Design: Contextual Vulnerability Recommendation Engine

Issue: CAS-85 Status: Draft Author: CTO

Problem Statement

CascadeGuard secure images will always carry some vulnerabilities. A blanket CVE exemption is too blunt — it ignores the fact that the same CVE poses vastly different risk levels depending on who is running the image and how they deploy it. We need a system that asks the right questions about a customer’s business context and workload deployment, then cross-references those answers against the image’s actual vulnerability data to produce personalised, actionable recommendations rather than a binary “fix or exempt” decision.

Design Overview

Core Concept: Risk Profiles → Recommendation Engine

+-----------------+   +------------------+   +-------------------------+
| Company Profile | + | Workload Profile | -> | Risk-Weighted Vulns     |
| (10 questions)  |   | (10 questions)   |   | + Recommendations       |
+-----------------+   +------------------+   +-------------------------+
        |                      |                          |
   Risk factors           Exposure factors         Per-CVE actions:
   (jurisdiction,         (network, env,           - Must Fix (SLA)
    compliance,            data sensitivity,        - Recommended Fix
    industry)              runtime config)          - Acceptable Risk
                                                    - Mitigatable

Company Profile Questionnaire (~10 questions)

These questions establish the regulatory and organisational risk context:

#	Question	Options	Risk Signal
1	Primary jurisdiction?	UK, EU, US, APAC, Other	Determines applicable regulations
2	Industry sector?	Financial services, Healthcare, Government, Technology, Retail, Other	Sector-specific compliance
3	Subject to specific regulations?	PCI-DSS, HIPAA, SOC2, FedRAMP, DORA, NIS2, ISO 27001, None	Hard compliance requirements
4	Company size?	Startup (<50), SMB (50-500), Enterprise (500+)	Risk tolerance and audit exposure
5	Do you handle PII/PHI?	Yes at scale, Yes limited, No	Data protection obligations
6	Do you process payment card data?	Yes directly, Yes via processor, No	PCI scope
7	Subject to external security audits?	Annually, Quarterly, Ad-hoc, None	Compliance verification frequency
8	Supply chain security requirements?	SBOM required, Signed images required, Both, None	Provenance needs
9	Incident response SLA obligations?	< 24h, < 72h, < 7d, None	Breach notification windows
10	Risk appetite for known vulnerabilities?	Zero tolerance, Low (critical/high only), Moderate, Accept with mitigation	Overall posture

Workload Profile Questionnaire (~10 questions)
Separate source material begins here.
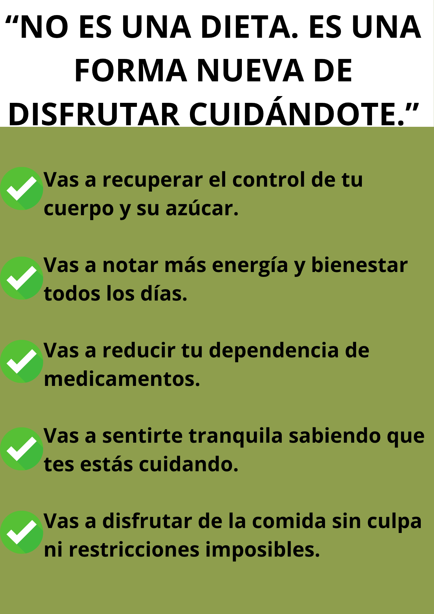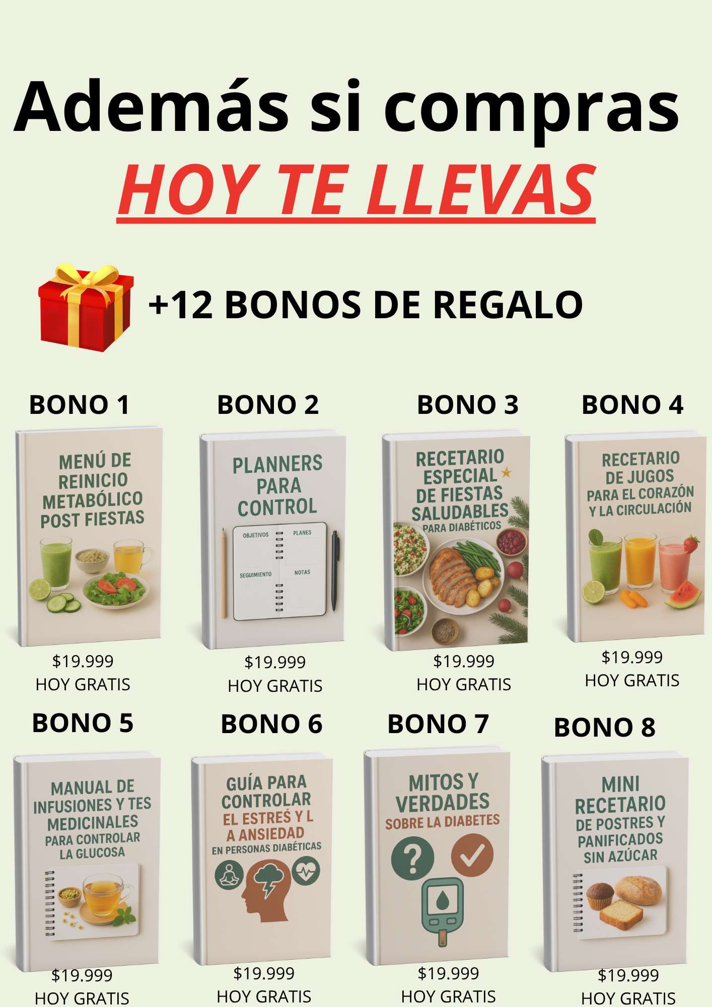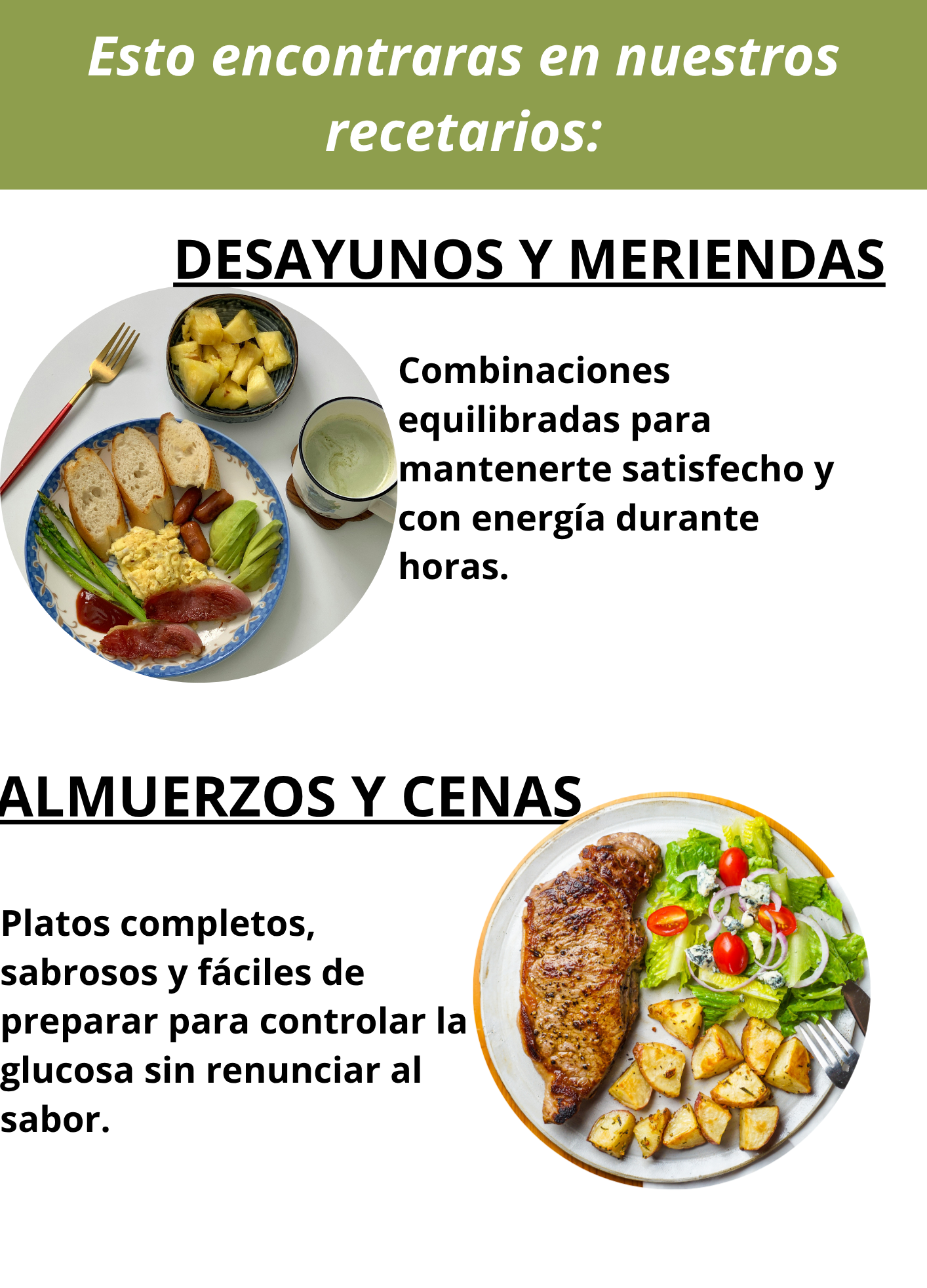 Incluye un plan completo de 29 días con desayunos, almuerzos, cenas, snacks y meriendas, más 14 bonos adicionales que te ayudan a organizar tus comidas, entender mejor tus niveles de glucosa y mejorar tu salud día a día.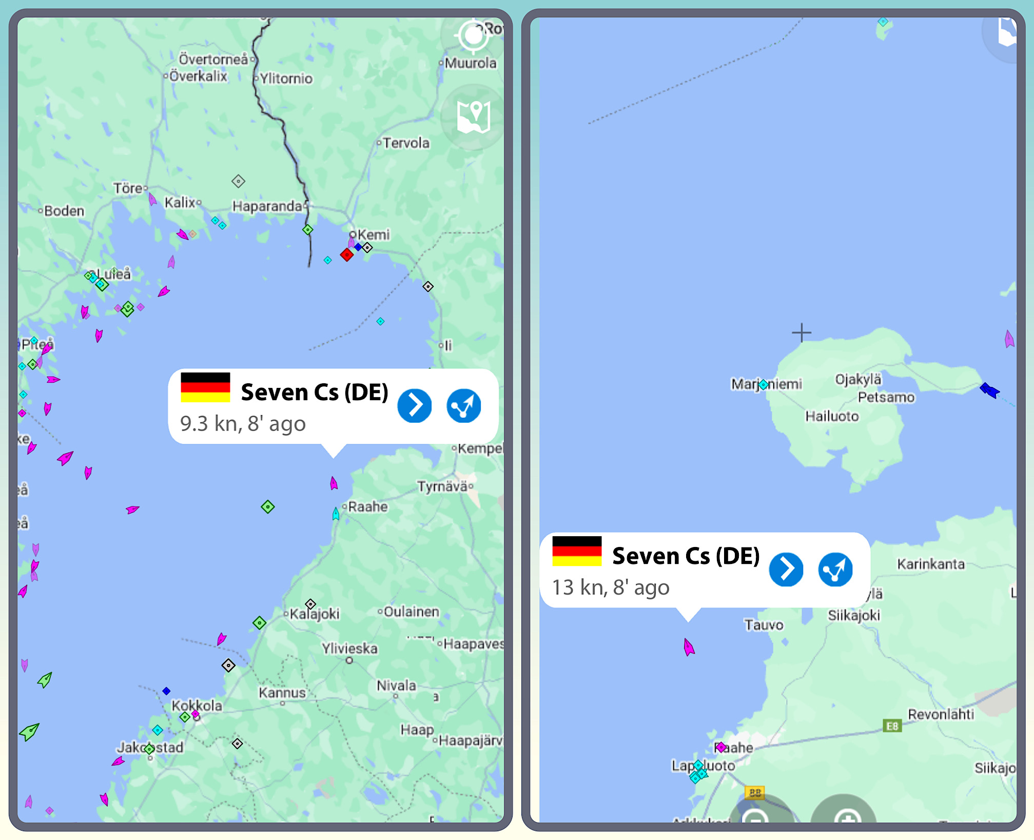 Vorgeschichte: Kaum das wir im Hafen von Raahen Purjehdusseuran Terässatama eingelaufen waren, wurden wir von einem finnischen🇫🇮 Motorbootfahrer angesprochen, da er sah, das wir aus Deutschland 🇩🇪 stammen. Wir unterhielten uns angeregt und er meinte dann, dass wir unbedingt ein bestimmtes, bekanntes Café in Raahe besuchen sollten. Knackpunkt: es hatte nicht mehr lange auf und es war etwas weiter entfernt. Kurzerhand lud er uns beide und Onni aufs Motorboot ein, indem schon seine Familie mit Hund saß. Er fuhr uns zur Anlegestelle, von wo aus es nicht mehr weit zum Café war. Und- es hatte sich gelohnt, der Kuchen war sehr lecker, der Kaffee gut und das Ambiente wunderbar.

A customer may use the same image in multiple workloads (e.g. the same Node.js base image running an internet-facing API server and an internal batch job). Each deployment context gets its own workload profile, and the recommendation engine generates a separate recommendation set per (company profile, workload profile, image) combination. This means the same CVE can receive different actions for different deployments of the same image within the same organisation.

These questions establish the deployment and exposure context for a specific workload using a given image:

#	Question	Options	Risk Signal
1	Network exposure?	Internet-facing / DMZ, Internal network only, Air-gapped	Attack surface
2	Environment type?	Production, Staging, Development, CI/CD only	Blast radius
3	Data classification?	Public, Internal, Confidential, Restricted/Secret	Data sensitivity
4	Authentication to this workload?	Public / anonymous, Authenticated users, Service-to-service only	Access control
5	Container runtime privileges?	Privileged / host network, Standard, Restricted (read-only root, no caps)	Exploitability
6	Runs as root?	Yes, No, Unknown	Privilege escalation risk
7	Persistent storage with sensitive data?	Yes, No	Data exfiltration risk
8	Accepts untrusted input?	Yes user uploads/forms, Yes API input, No	Injection surface
9	Outbound network access?	Unrestricted, Restricted egress, No egress	C2/exfil potential
10	Update frequency tolerance?	Continuous (GitOps), Weekly maintenance window, Monthly, Quarterly	Remediation cadence

Recommendation Engine Logic

Step 1: Compute Risk Score Modifiers

Each answer maps to risk factor weights that modify the base severity of vulnerabilities:

Company modifiers handle jurisdiction multipliers and regulatory flags
Workload modifiers handle severity bumps based on network exposure, environment type, data sensitivity, and runtime configuration

Step 2: CVE Classification

For each vulnerability, combine:

Base severity (from scanner)
CVSS vector components (network vs local, user interaction, etc.)
Package context (runtime vs build-only dependency)
Fix availability (fixed_version present or not)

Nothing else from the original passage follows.